本文章中使用的算法和例子来源于bilibili中西湖大学赵世钰老师的【强化学习的数学原理】课程。网址:第5课-蒙特卡洛方法(MC Basic算法例子)_哔哩哔哩_bilibili
目录
一、任务目标
1、初始的策略已给出
2、使用MC Basic算法去更新策略
3、出界回馈为-1,禁止区域回馈为-10,目标区域回馈为1,折扣累计奖赏参数为0.9
二、细节分析
1、为达到步数动态调整的效果,使用递归函数get_expected_reward()来完成。
2、迭代的终止条件为,每一次调整的策略和未调整前的策略一样,即策略未更新。
三、代码演示
import numpy as np
class Behrman:
# 属性
n, m = None, None # 棋盘的行数和列数
xx, yy = [-1, 0, 1, 0, 0], [0, 1, 0, -1, 0] # 五种行动(上、右、下、左、静止)
s = "↑→↓←O" # 用于显示的行动符号
_lambda = 0.9 # 折扣因子
# 矩阵
chessboard = [
["***"],
["**#"],
["#*x"]
]
policy = [
[1, 3, 2],
[2, 3, 3],
[2, 2, 0]
]
Punishment = None
def __init__(self):
self.n, self.m = len(self.chessboard), len(self.chessboard[0][0])
self.init_matrix()
def init_matrix(self):
"""初始化棋盘矩阵、奖惩值矩阵、状态和策略矩阵。"""
self.chessboard = [list(row[0]) for row in self.chessboard]
self.states = [[0] * self.m for _ in range(self.n)]

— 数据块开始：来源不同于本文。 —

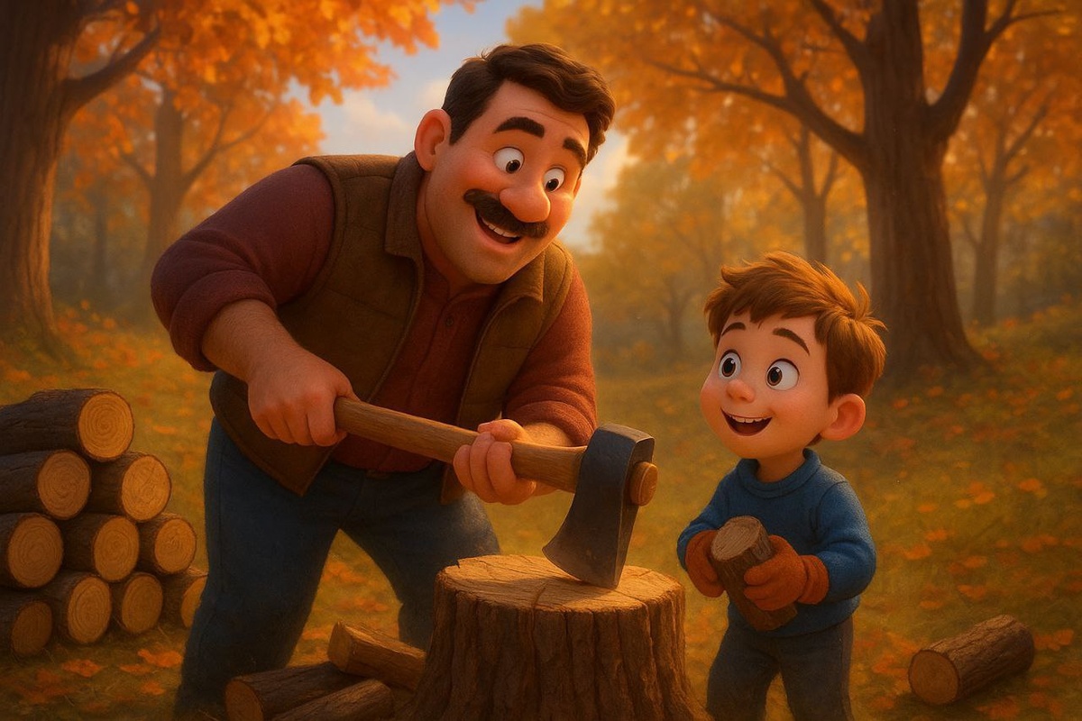 Сказка «Тёплое сердце и зимние дрова» Осень уже набирала силу. Утром воздух был свежий и прозрачный, по лужам бегал тонкий ледок, а солнце, будто застенчивое, всё чаще пряталось за тучи. В этот день папа Ваня сказал своему сыну Мише: — Ну что, помощник, пора нам готовить дрова. Зима не за горами! Миша подпрыгнул от радости. Ему было всего восемь лет, но он гордился тем, что может помогать папе. Ведь дом у них — большой, с резными ставнями и камином, где зимой всегда потрескивали поленья, наполняя комнату ароматом леса. Папа Ваня достал топор, проверил его остроту и протянул Мише маленькие перчатки. — Без дела не стой, — улыбнулся он. — Пойдем в лес за поленьями, покажу тебе, как отличить сухое дерево от живого. Дорога в лес лежала через поля, где уже скошена трава, а вдалеке паслись вороны. Ветер шептал в кронах: «Готовьтесь, люди, к зиме…» Миша слушал этот шёпот и представлял, как скоро они будут сидеть у камина, пить чай с мёдом, а за окном будет метель. В лесу пахло смолой и сы

self.Punishment = [[0 if cell == "*" else (-10 if cell == "#" else 1)
for cell in row] for row in self.chessboard]
def next_point(self, x, y, i):
"""计算下一个位置的坐标,如果越界返回-1。"""
wall = 0
nx, ny = x + self.xx[i], y + self.yy[i]
if 0 <= nx < self.n and 0 <= ny < self.m:
return nx, ny, wall
else:
wall = 1
return x, y, wall
def action(self, x, y, i):
"""返回给定行动的奖惩值。"""
next_pos = self.next_point(x, y, i)
if next_pos[2] == 1:
return -1
else:
return self.Punishment[next_pos[0]][next_pos[1]]
def get_expected_reward(self, x, y, action, step_count):
"""递归计算前 `step_count` 步的累计奖励值。"""
if step_count == 0:
return 0
next_pos = self.next_point(x, y, action)
immediate_reward = self.action(x, y, action)
future_reward = self._lambda * self.get_expected_reward(
next_pos[0], next_pos[1], self.policy[next_pos[0]][next_pos[1]], step_count - 1
)
return immediate_reward + future_reward
def get_MCpolicy(self, step_count=3):
"""动态步数策略更新函数。"""
new_policy = [[0 for _ in range(self.m)] for _ in range(self.n)]
for x in range(self.n):
for y in range(self.m):
best_action = max(range(5), key=lambda i:
self.get_expected_reward(x, y, i, step_count)
)
new_policy[x][y] = best_action
return new_policy
def show_policy(self):
"""显示最终策略矩阵。"""
policy_display = "\n".join("\t".join(self.s[self.policy[x][y]] for y in range(self.m)) for x in range(self.n))
print(policy_display)
def run_policy_iteration(self, step_count=2):
"""蒙特卡洛算法,带有动态步数的策略迭代。"""
count = 0
flag = 1
while flag:
count += 1
new_policy = self.get_MCpolicy(step_count)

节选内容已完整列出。